Wenn Stress zum Dauerthema wird, hat das oft Folgen für die Gesundheit. In Phasen starker Belastung leidet deshalb auch das Immunsystem und die Anfälligkeit für Infekte steigt. Achten Sie deshalb auf die richtige Balance und nutzen Sie Entspannungsübungen wie Yoga, Autogenes Training oder Tai Chi, um Stress abzubauen.

Wechselbad, Sauna & Co.

Auch wenn eindeutige Beweise nach wie vor fehlen – mithilfe von Temperaturreizen kann das Immunsystem offenbar „abgehärtet“ werden. Dabei soll eine bessere Anpassung an extreme Hitze und Kälte erreicht werden. Die Gefäße werden durch die Temperaturschwankungen beansprucht und sollen so elastisch bleiben.
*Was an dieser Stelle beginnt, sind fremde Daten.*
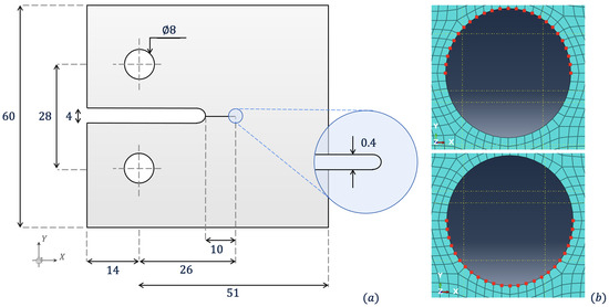(a)—Diagram of compact-tension specimen with dimensions in [mm], as seen in Sommer et al. [39]; (b)—nodal sets on the meshed subdomain for prescribed velocity boundary conditions on top (+ve loading) and bottom (−ve loading) pins.

Das Saunieren wird von vielen Menschen auch als wohltuend und entspannend empfunden – auch diese Wirkungen können sich positiv auf die Abwehr auswirken.

Erholsamer Schlaf

Schlafen Sie genug? Unser Organismus muss sich erholen können. Das kann er besonders gut, wenn wir schlafen. Auch für das Immunsystem ist das eine wichtige Regenerationsphase, in der sich die Abwehr wieder „neu aufstellt“. Daher ist es nicht verwunderlich, dass Schlafmangel zu einer erhöhten Infektanfälligkeit führt.